Tuesday, January 29, 2008

Ramblings Along the Lines of: Whatever Possessed Me?

If I were not in seminary, which is to say, if I were still employed and, instead of a tuition bill had a paycheck and a two-week Pesach vacation coming up, I would be planning a trip to Prague, rather than reading The Lovely Daughter's blog and emails with such longing -- longing to see her, to participate in her discovery of a new life, to enjoy a beautiful city pretty much off limits to Americans when I was her age.

If I were not in seminary, I would not be memorizing reams upon reams of facts that vanish from memory within hours (minutes?) of the requisite test, be it Greek or Bible or History, and preclude my spending time sifting through materials and ideas that have some meaning for me and would, presumably, lodge somewhere in my mind as a consequence of having been considered rather than jammed into short-term memory for the purpose of meeting someone else's expectations.

If I were not in seminary, I would be re-engaged in church leadership, or perhaps traveling to South Africa to work on hunger issues as one of my friends will this spring, or be headed for Zimbabwe to work on a school and library as another has done three times.

If I were not in seminary . . .what it all boils down to is that I am living the life of a 20-something with the body, mind, heart, and experience of a 50-something. I am used to producing and sharing and giving and achieving, and it seems that all I do right now is absorb and occasionally spit back.

Yes, I exaggerate, for the benefit of the exposition. (Lovely Daughter: Mom, your stories always have more in them than actually happened. Me: Well, sweetie, you want to hear a GOOD story, don't you? One should not feel too constrained by facts.) Yes, I still have church classes and programs to plan and teach; yes, I am involved in things here at school; yes, I am working on field ed possibilities for next year that will enable me to get out and live a life closer to the one I used to have.

Hmmm. Now that I have vented a bit, it occurs to me that perhaps we need some way here for us - ahem -- older seminarians to gather and process our experiences.

Wonder just who should address that possibility?

(Oh ~ the image ~ the famous
Prague astronomical clock, as photographed by my sons a couple of years ago. I can live vicariously, I suppose.)

9 comments:

Terri said...

Yes....Ok....but actually I have found that those weird facts actually do reappear whenever someone asks the "right" question which stimulates some random neuron in my brain and POP up comes this random, seemingly forgotten "fact"....

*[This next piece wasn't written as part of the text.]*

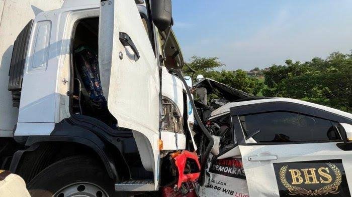 Akibatnya, truk boks itu menabrak mobil kru TV One yang sedang berhenti di bahu jalan tol.

see...it will all be worth it...even missing an opportunity to visit your daughter in Prague...

sigh...

Ok, maybe not that...but all the other

Lisa :-] said...

...and maybe you've unearthed a need that you can address. Not that you don't have enough to do already...

Law+Gospel said...

If I were not in seminary...In the fall here at LTSG, several of the Mature ( not old) members of the class, seemed to be focused upon what they had given up to come here. Interestingly, several of the pipeliners pointed out what they have given up- the chance to do what we have already done. Nno maximum income potential for them, no trips around the globe like many of us have made. I too have been dismayed by the inability of my brain to be like it once was
( guess I never really noticed when I was doing variations on the same theme in my first career). I am wistful about the "I remember when" aspects of seeing the majority of my classmates. But..for what I gave up I have gained immeasurably. And I do not have to go out out on the internet for stories for sermons- because I can change the names to protect the innocent and use the stories of my life. I for one would gladly participate in an exchange of experiences. I would even be willing to host it at my place on a certain day of the week ( just not to conflict with the RevGals on Fridays).

Anonymous said...

The clock is stunning.

Someone with an imagination and appetite for life will always have a long list of "If onlies". I can fill any day three times over with even humdrum plans let alone those involving travel and feel that you are a kindred spirit.

Seminary will pass. You will return to that life and there still won't be enough time to do everything you want to do.

Di said...

The grass is green everywhere, love. I can certainly respect all these yearnings, though.

Mark Smith said...

You've heard of (and experienced) delayed gratification, right?

This is similar. It's delayed contribution. You're storing up wisdom and knowledge and will be that much better when you are done.

You're a big spiritual/theological battery - on the charger at the moment. They'll put you in the bunny later.

Lori said...

I like Mark's bunny analogy.

It's a brave thing to go back to school to become a pastor. And very hard. Because the school is designed to teach minds not yet fully developed. And when yours already is fully developed, it's hard to go back.

There should be different seminaries for older students that give credit for life experience and teach to the older students modality. Because I believe that we DO have a different modality at a "certain age".

Lovie said...

Oh Robin! I think about you everyday. And, yes, it sounds,trite, but hang in there. I wish it were deeper and more intellectual, but that's it; HANG IN THERE!
leenora

Gannet Girl said...

Thanks, you guys, for the support.

I know, of course, exactly what (who) "possessed" me. But sometimes it's a bit overwhelming.